The K-map user interface displays a search score (a number between 1 and 100) next to the title of each found document, and lists the documents in descending order. A document with a score of 100 has the most relevance to the search terms. The search engine uses several methods of ranking, some traditional and others somewhat novel. In general, the ranking depends on the size of the document being searched, the number of matches, and the location of the matches within the document. For example, a large document with two matches, one in the beginning and one in the middle of the document, is assigned a lower score than a smaller document with two matches at the beginning of the document. The search engine also uses statistical data on word usage frequency to make sure that words like “a,” “the,” or “of” have less weight than those that are less frequently used.

Document usage patterns are then factored into the scores using information collected by the spiders on how many users have accessed each document and on how many links there are to and from the document. All of these measures are adjusted each time the spiders are run and the index updated.

Gathering information about individuals. The Discovery Server builds and maintains user profiles in a repository that can be queried directly to locate experts by skill, experience, project, education, and job type. The profiles are created either by drawing demographic data from any LDAP server or Domino public directory, or by mapping fields from other, specific applications such as team rooms, discussions, and project tracking. The Discovery Server then uses the metrics processing tool to determine relationships between known clusters and user activities. Affinities are relationships between individuals and clusters in the K-map. The relationships are based on user actions such as reading a document, authoring a document, responding to a document, editing a document, and creating a link to a document. When a user's interaction with documents reaches a predefined threshold, the metrics processing service sends an e-mail notification, including a link to the proposed affinity information, to the user. The e-mail notifies the user of the affinity proposed by the Discovery Server, and requests confirmation and approval to publish the affinity in the searchable user profile. In this way users control the information that is publicly available about them. Figure 4 shows a user profile with affinities.

Figure 4

Making it work

The K-station and Discovery Server provide ways for organizations to develop customized solutions to specific knowledge management problems. Users and communities can aggregate important information and customize their workspaces using K-station, and then drill down more deeply when necessary by using the search and browse capabilities of the Discovery Server. The Discovery Server automatically collects the judgments of individuals by analyzing their actions, and presents these judgments in context at search time.

Changes are gathered and tracked by the system and the K-map is dynamically revised. Implementation of these knowledge management components requires some up-front analysis by content managers, but the result is a continuously updated information aggregation and discovery system.

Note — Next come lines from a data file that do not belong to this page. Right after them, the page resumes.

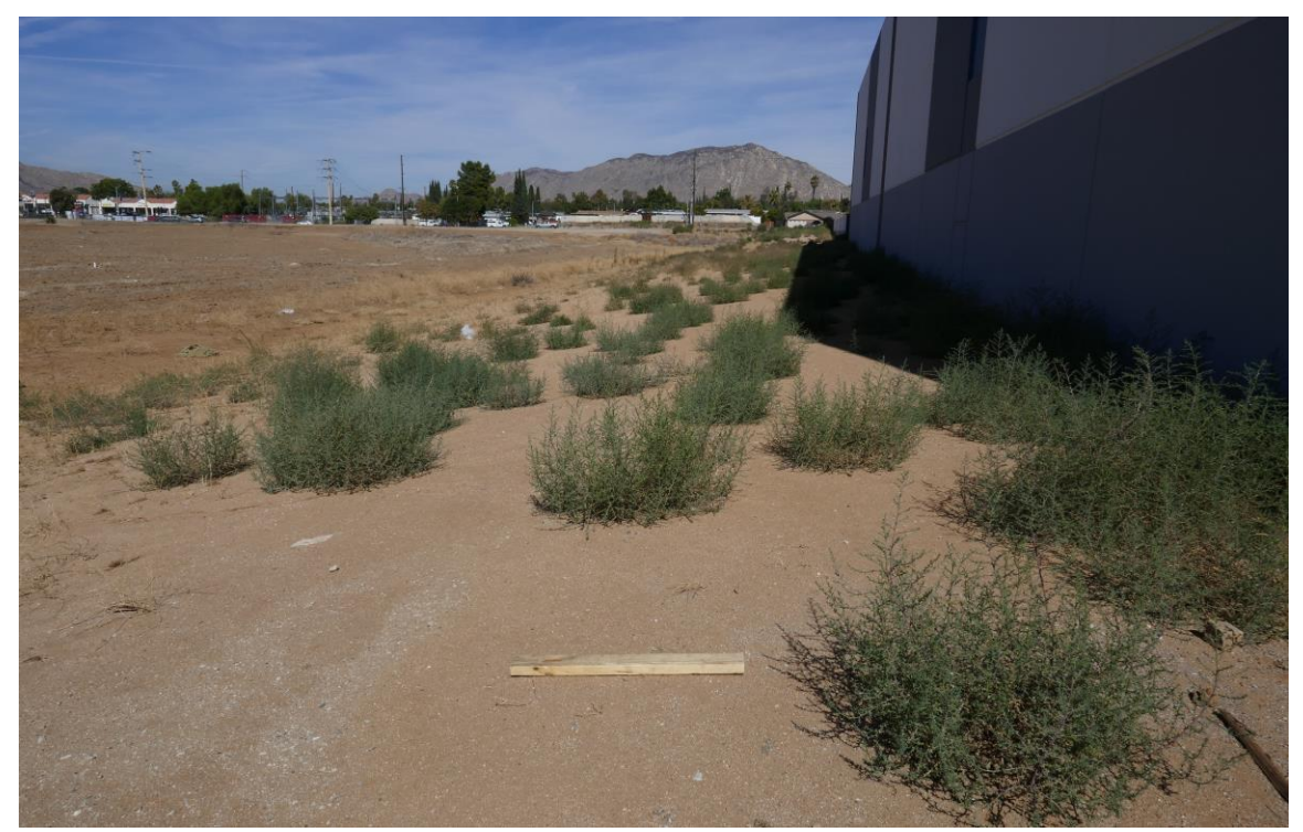
Photograph 3: Southeastern corner of site looking north, showing temporary detention basin, October 2021.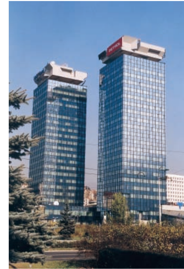
UNITIC Bussiness Center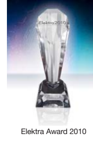
Elektra Award 2010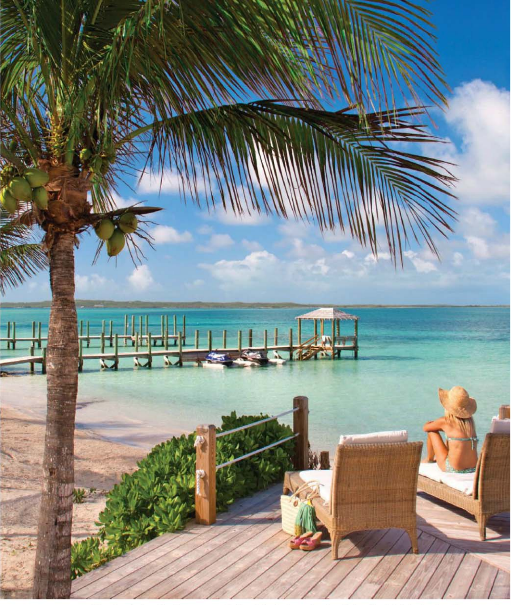
Three Bees is the only villa property on Harbour Island to have a beach on the bayside of the island, and a private one at that.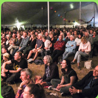
Sponsor a main site stage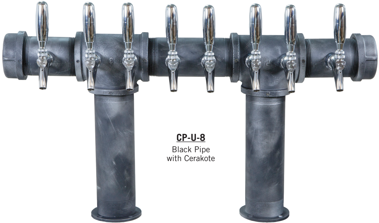
CP-U-8 Black Pipe with Cerakote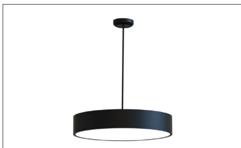
SUSPENDED - STEM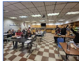
Forest Education Grant Activity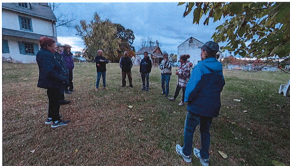
Habitat Heros Program at Farmstead Park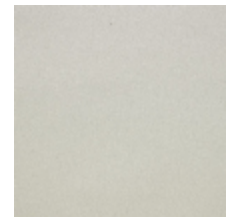
0633-18 WOOLY - DUNE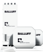
Antenna and processor unit of a UHF-RFID system for reading and writing over long ranges

There are essentially two identification technologies: RFID (Radio Frequency Identification using radio waves) and barcode readers (image recording and processing).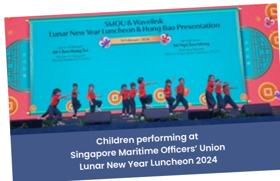
Children performing at Singapore Maritime Officers' Union Lunar New Year Luncheon 2024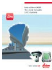
Leica Viva GNSS Product brochure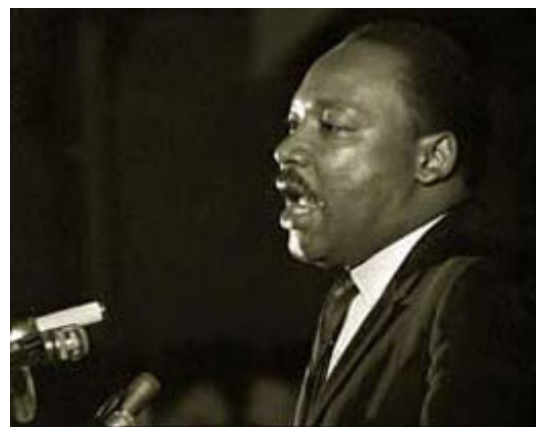
Dr. King makes his last public appearance at the Mason Temple in Memphis, Tennessee, a day before his assassination on April 4, 1968.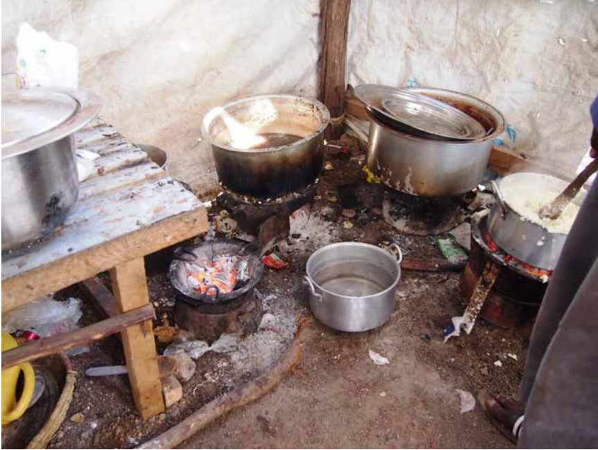
Figure 1.4. Cooking equipment in a refugee home in Kakuma, Kenya.

able to create kitchen gardens, or small separate kitchens next to their main home, but often cooking was done immediately inside or outside homes. The outdoor spaces of cooking were vibrant and noticeable in all the camps. Where physical outdoor space was available many people would cook between their homes – in the small alleys or ‘yard’ spaces outside the dwellings. For example, in some parts of Kalobeyei refugees were allocated garden spaces next to their shelters, which were frequently filled with cooking pans, pots, cookstoves, washing and small containers growing vegetables. Firewood was sometimes stored on top of houses, or often in a corner of homes to avoid theft or rain.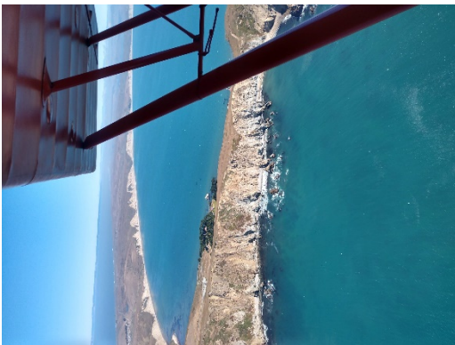
A view from Glen's Aircraft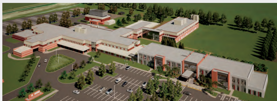
Aerial view of the current hospital with expanded facilities, including an additional 24 inpatient beds.

With the campaign nearing its $10 million target, the Board now invites the community at large to get involved. "We want everyone to feel like they have had the opportunity to be a part of this, to help shape and enhance healthcare in their community for years to come," Friesen adds. While meeting with each of the 220,000 people that rely on BTHC for care is impossible, the Board welcomes your questions and discussion about the expansion project. Watch your mailboxes for your campaign invitation and if you would like to discuss how you can more meaningfully participate in our expansion fundraising efforts, please give the Foundation office a call at 204-331-8808 ext. 2. You can also visit bthcexpansion.ca for a closer look at the services and programs that will be available once the expansion is complete. The future of healthcare at Boundary Trails Health Centre has never been brighter. Thank you for your continued support.

But how does all this work in practice? While the Knowledge Discovery System was being developed, Lotus worked with a small set of design partners who tested early versions of the software in real-life environments to solve real organizational problems. One of these design partners was the U.S. Joint Forces Command.

The Joint Forces Command case study

In the movie Saving Private Ryan,⁴ Captain John Miller neutralizes enemy gunfire on a Normandy beach on D-Day (June 6, 1944) and then reports to his commanding officer. His report states that inaccurate or missing information regarding the arrangement of enemy forces along the beach led to the loss of many lives. Captain Miller was able to overcome the enemy only by utilizing an established military doctrine, employed by the Allied Forces, that dictated the use of an overwhelming number of troops when the battlefield configuration was unknown. The assumption was that superior numbers would prevail—with the risk of losing a large number of lives.

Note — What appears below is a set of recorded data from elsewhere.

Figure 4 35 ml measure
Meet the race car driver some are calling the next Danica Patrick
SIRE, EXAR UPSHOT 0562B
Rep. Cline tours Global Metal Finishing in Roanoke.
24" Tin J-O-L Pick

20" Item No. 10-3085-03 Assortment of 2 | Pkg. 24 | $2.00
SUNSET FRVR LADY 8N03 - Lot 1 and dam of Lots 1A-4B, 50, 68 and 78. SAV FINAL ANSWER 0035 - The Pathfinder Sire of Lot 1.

With the advent of the Cold War and the proliferation of nuclear weapons following World War II, few if any military commanders have had to decide how many soldiers are to be put at risk to prevail against an unknown battlefield configuration. The potential horror of, and the deterrence provided by, nuclear weapons made war on the scale of the Normandy invasion unlikely.

In the post-Cold War era, the mission of the U.S. military is to develop its capabilities to fight and win (and thus deter) regional conflicts with minimal loss of life. Rather than face a politically unacceptable war of attrition, the U.S. military is now developing the necessary means to know and understand exact battlefield configuration. With this knowledge, an optimal strategy can be devised, which will minimize the number of troops required and the associated risks.

The United States Joint Forces Command (USJFCOM) was set up by Congress in May, 1998, to lead the transformation of the U.S. military to achieve “full spectrum dominance” in the post-Cold War world. An integral component of USJFCOM's mission is to conduct joint concept development and experimentation to maximize present and future military capabilities. The Joint Experimentation Directorate (JE) fills this role. JE's specific mission is to develop, explore, and assess new joint war fighting concepts using both organizational structures and emerging technology. JE uses a process of discovery, innovation, and experimentation to assess concepts and then passes recommendations for change to DOTMLPF (Doctrine, Organization, Training, Materiel, Leadership, Personnel, and Facilities).

Experimentation team. JE was established with six employees. Today it has over 280 staff members. In April, 1999, JE began the task of determining the type of technology infrastructure it would need to support its mission. A team was formed to carry out an initial requirements and systems analysis assessment. This eight-week phase concluded with a comprehensive set of requirements and a defined list of recommendations that included a Web portal, a digital library, on-line analytical processing (OLAP) search tools, data mining tools, collaborative tools, semantic modeling, and data storage tools.

An executive team within JE validated these recommendations and assigned each to a priority tier. Tier 1 contained the Web portal, collaboration tools, and data storage. Tier 2 contained the OLAP search tools, data mining tools, the digital library, and semantic modeling tools. Tier 3 contained the remaining recommendations.

To attract the necessary investment to begin implementation, JE began building a business case for the tier 1 recommendations. In the process, JE realized that technology was not going to solve the business problem. Within JE, different organizations had different views of their own and others' responsibilities. Multiple organizations claimed responsibility for the same processes and tasks, while some processes and tasks had no ownership at all. A group could be performing the same work as another group with neither group being aware of the duplication. Considering all the reusable work that was being undertaken, none was actually being reused. Without an organizational transformation that included culture, policies, and procedures to overcome these business-level problems, the technology tools just would not be used effectively.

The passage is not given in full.